Split scheme semantics:

  • random — interactions are held out uniformly at random per user. time_column is unused.
  • time_user — for each user, the most recent heldout_ratio of that user's interactions (ranked by time_column) are held out. Cutoff is computed per user.
  • time_global — a single global cutoff at the 1 - heldout_ratio quantile of time_column over the whole dataset; every interaction at or after the cutoff is held out, regardless of user. Users with no post-cutoff interactions become train-only.

time_user and time_global require schema.time_column. Missing time_column with these schemes is a recipe validation error and exits with code 2.

If a search produces no completed trials, training exits with code 4 and "code": "no_completed_trials". If every completed trial scores exactly 0.0, exit 4 with "code": "zero_score" (typically caused by too short a per_trial_timeout_seconds or a too-small validation set).


output

yaml
output:
  path: ./artifacts/news_articles.recotem
  versioning: append_sha     # always_overwrite | append_sha (default append_sha)
FieldTypeDefaultNotes
pathstringrequiredArtifact destination. See Path rules.
versioningstringappend_shaHow artifacts are written.

versioning modes:

ModeBehaviour
always_overwriteWrites directly to <path>.
append_shaWrites to <path>.<sha8>.recotem, then atomically updates a pointer file at <path>. The server reads through the pointer.

Path rules

Applies to output.path, source.path, and item_metadata.path.

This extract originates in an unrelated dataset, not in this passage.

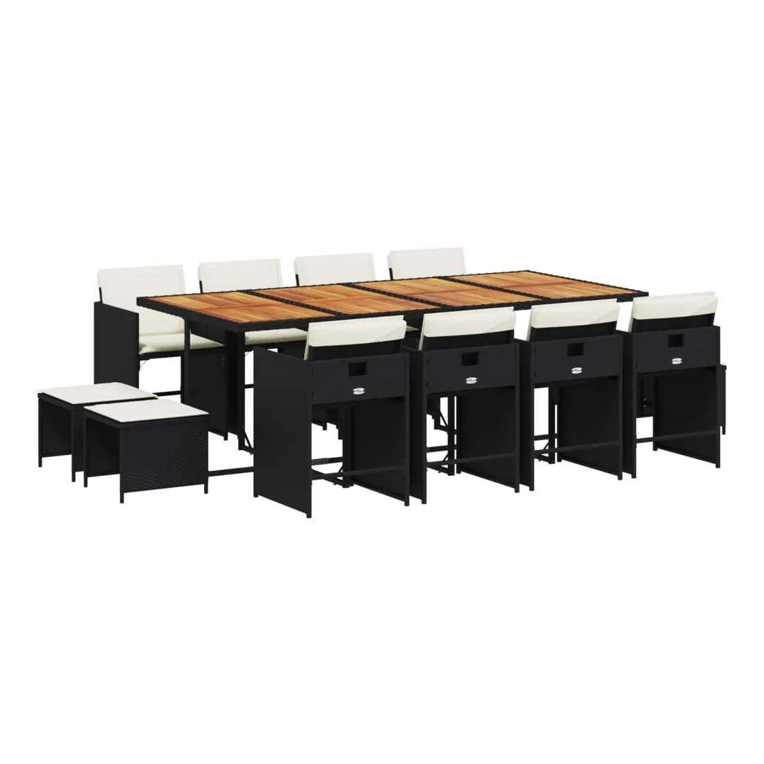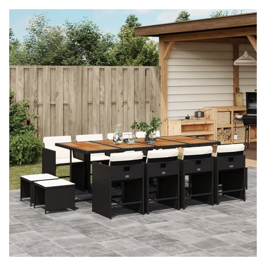 Ensemble à manger de jardin 13 pcs coussins noir résine tressée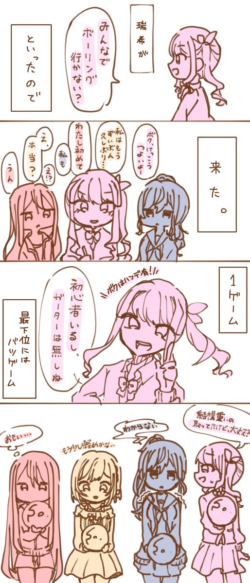 ニーゴでボウリングにいく話。 (マリオネットイベ時期に描いたものなのでニーゴの雰囲気が多少違う) #prsk_FA

Path schemes for source.path and item_metadata.path are restricted to an explicit allow-list: bare local path (no scheme prefix), file://, s3://, gs://, az://, abfs://, abfss://, http://, https://. Schemes are explicitly enumerated rather than relying on fsspec's full registry to prevent unvetted handlers from being reachable via recipe content. Chained fsspec protocols (paths containing ::) are also rejected. Schemes http:// and https:// additionally require an sha256 integrity pin on the same config block.

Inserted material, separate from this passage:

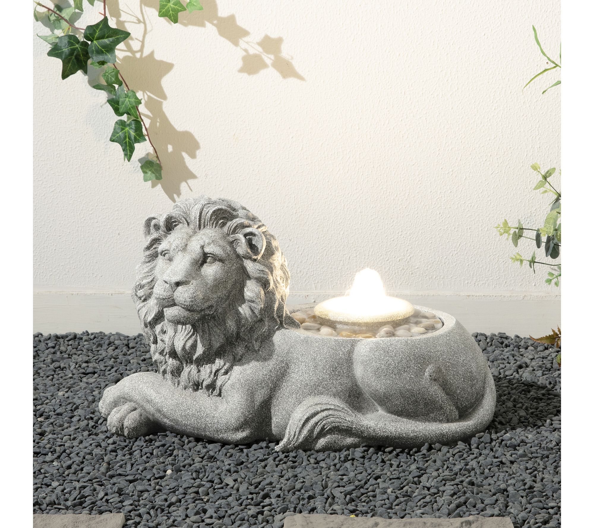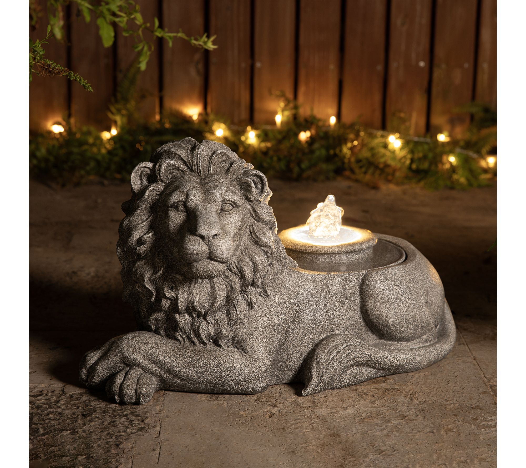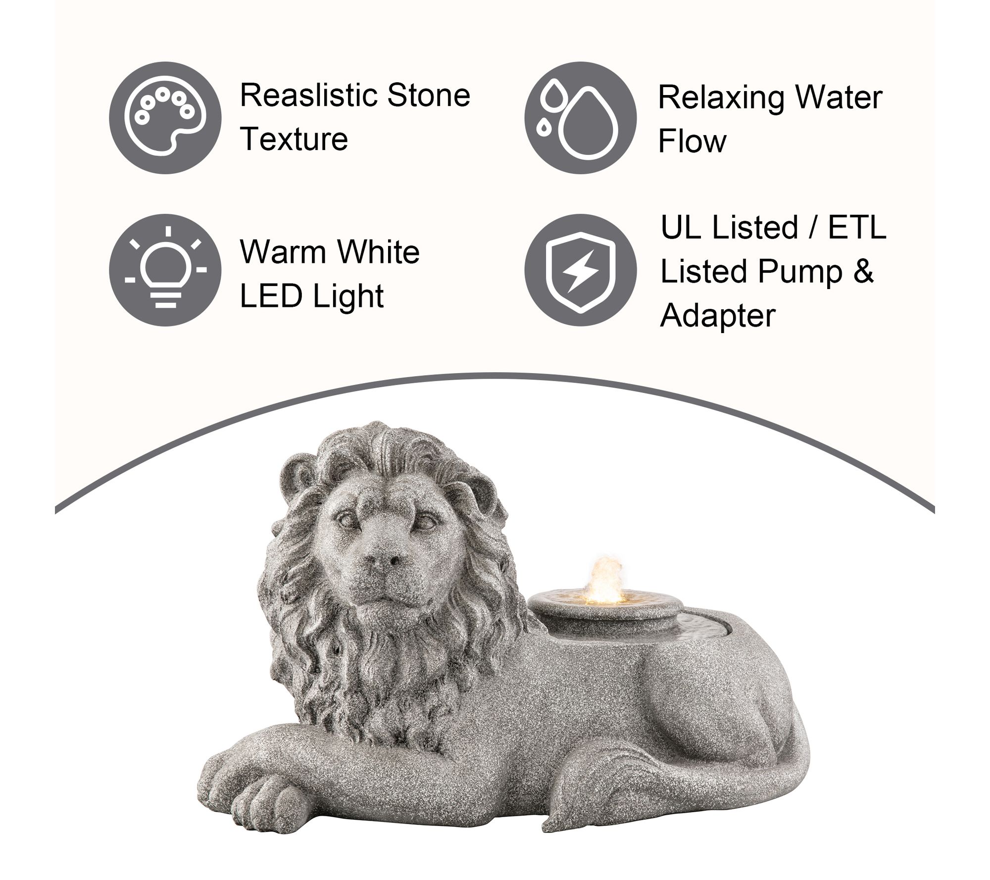 Transform your patio or garden into a peaceful retreat with this Zen-style outdoor fountain. The lying lion sculpture, rich with lifelike texture and intricate detail, pairs with shimmering LED-lit water to create a tranquil atmosphere, perfect for relaxing evenings or alfresco gatherings. From Glitzhome.

Decompressed-size cap not enforced. RECOTEM_MAX_DOWNLOAD_BYTES caps raw I/O bytes only. Compressed CSV and columnar Parquet sources can expand to a multiple of the raw size after decompression; the resulting DataFrame is not size-capped. Run recotem train inside a cgroup or Kubernetes Pod with a memory limit to contain the impact. See security — Decompressed-size cap not enforced.

output.path is restricted to the following schemes: bare local path (no prefix), file://, s3://, gs://, az://, abfs://, abfss://. Other schemes are rejected: http://, https://, ftp://, and ftps:// because Recotem does not support writing artifacts over those protocols; memory:// because it is process-local and would not survive past the training run.

Embedded credentials (s3://AKIA...:secret@bucket/) are rejected at recipe load on every path field.

Local paths are resolved to absolute. If RECOTEM_ARTIFACT_ROOT is set, output.path must resolve to a path under it after realpath resolution (symlink escapes are rejected).


Environment variable expansion

Syntax: ${RECOTEM_RECIPE_VAR}. Only variables matching the prefix RECOTEM_RECIPE_* are expanded. Matching is case-insensitive (the upper-cased name is checked against the prefix and blacklist). Additional values can be injected without exporting to the shell environment using recotem train --env-var KEY=VALUE (repeatable). The KEY must still start with RECOTEM_RECIPE_ and pass the blacklist check. Example: recotem train recipe.yaml --env-var RECOTEM_RECIPE_DATE=20260501.

Blacklisted (never expanded regardless of prefix): exact names RECOTEM_SIGNING_KEYS and RECOTEM_API_KEYS; names starting with AWS_, GCP_, GOOGLE_, or AZURE_; and any name containing the substrings SECRET, PASSWORD, PASSWD, TOKEN, KEY, AUTH, BEARER, CRED, or PRIVATE (all comparisons case-insensitive).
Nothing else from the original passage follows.